Do ponto de vista do usuário final, a tendência é uma busca mais conversacional, contextual e multimodal, como texto, voz, imagem e vídeo misturados no mesmo fluxo.


9. Pesquisa científica acelerada por modelos generativos


A IA generativa vem se tornando parceira de pesquisadores em áreas como:

  • descoberta de novas moléculas e fármacos;
  • desenho de materiais e estruturas;
  • análise de grandes volumes de dados astronômicos, climáticos ou genômicos.


Em vez de substituir o trabalho científico, ela funciona como multiplicador de capacidade e gera hipóteses, propõe combinações de compostos, sugere estruturas experimentais ou ajuda a interpretar resultados complexos.


Ao longo de 2026, é provável que vejamos mais estudos em que a participação de modelos generativos seja explicitamente reconhecida em artigos, patentes e relatórios técnicos.


10. Novas profissões ligadas à IA generativa


O debate sobre “empregos que vão desaparecer” vai dar lugar a uma visão mais matizada, em suma, alguns cargos se transformarão, outros serão extintos, mas novas funções claramente ligadas à IA vão ganhar espaço e salários competitivos.

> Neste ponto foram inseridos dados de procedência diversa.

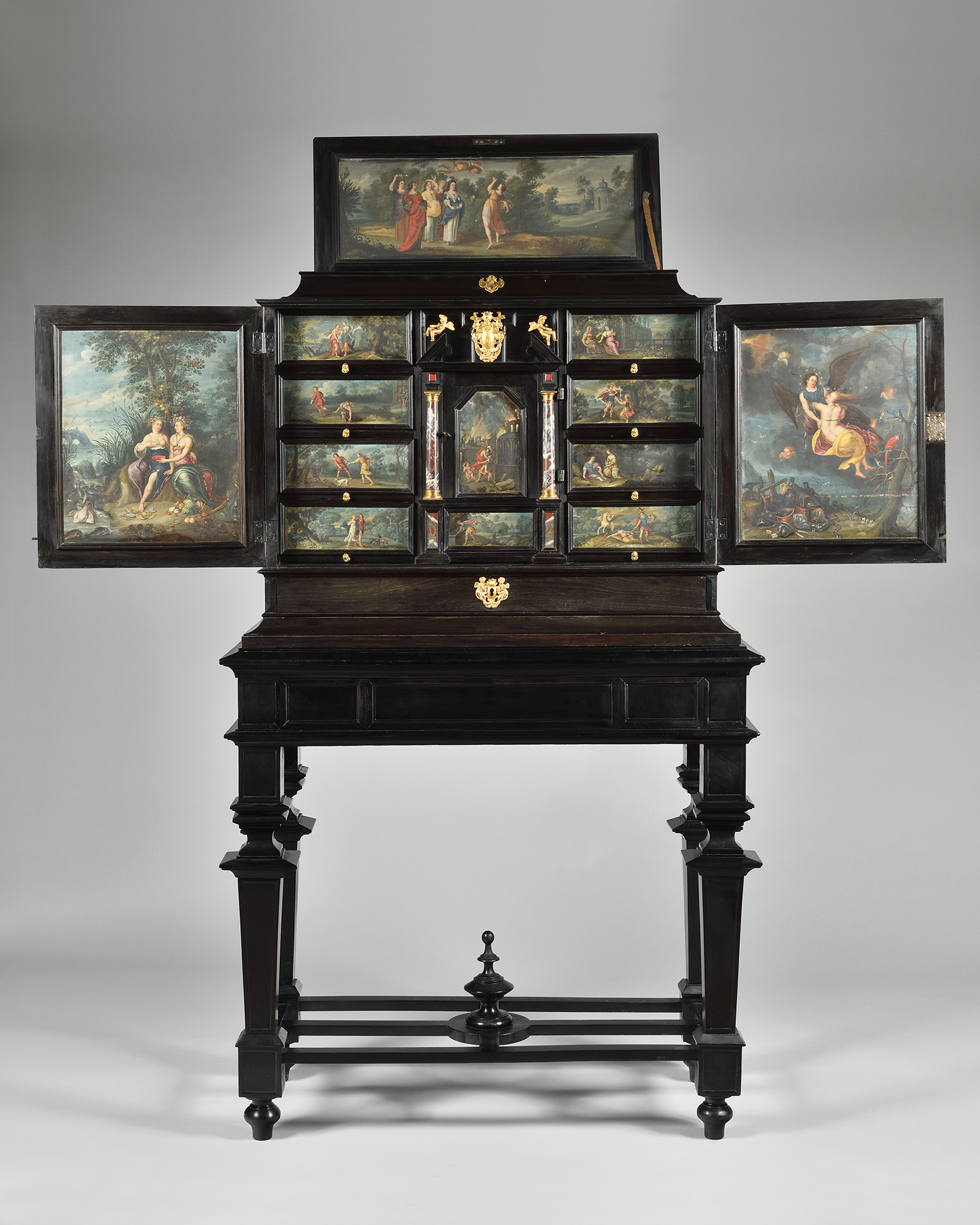 Rare Antwerp cabinet decorated with paintings attributed to Hendrick Van Balen (1575–1632) and Jan Brueghel the Elder, known as Brueghel of Velvet (1568–1625)

Entre as principais funções:

  • especialistas em orquestrar e combinar agentes de IA com equipes humanas;
  • profissionais focados em governança, auditoria e ética de sistemas de IA;
  • curadores de dados e conhecimento, responsáveis por escolher o que entra (ou não) no treinamento de modelos;
  • perfis híbridos que entendem de tecnologia e de domínio (jurídico, saúde, finanças, marketing etc.).


A demanda se desloca de “quem sabe usar uma ferramenta” para quem sabe projetar fluxos, regras e limites para que a IA entregue valor sem aumentar riscos.


IA generativa como parte da infraestrutura da vida


A essa altura, IA generativa já não é um experimento de laboratório. Ela está se tornando o motor silencioso de muitas mudanças em como produzimos conhecimento, nos comunicamos, aprendemos e trabalhamos. As tendências de 2026 apontam para um cenário em que a fronteira entre capacidades humanas e capacidades das máquinas fica mais difusa, mas não desaparece.


Continuaremos precisando de julgamento, responsabilidade e visão de longo prazo para decidir quando confiar, quando revisar e quando dizer “não” a usos específicos da tecnologia. Organizações e pessoas que se movimentarem cedo, investirem em habilidades e adotarem uma postura de inovação responsável tendem a colher mais benefícios e sofrer menos com os efeitos colaterais inevitáveis desse novo ciclo da IA.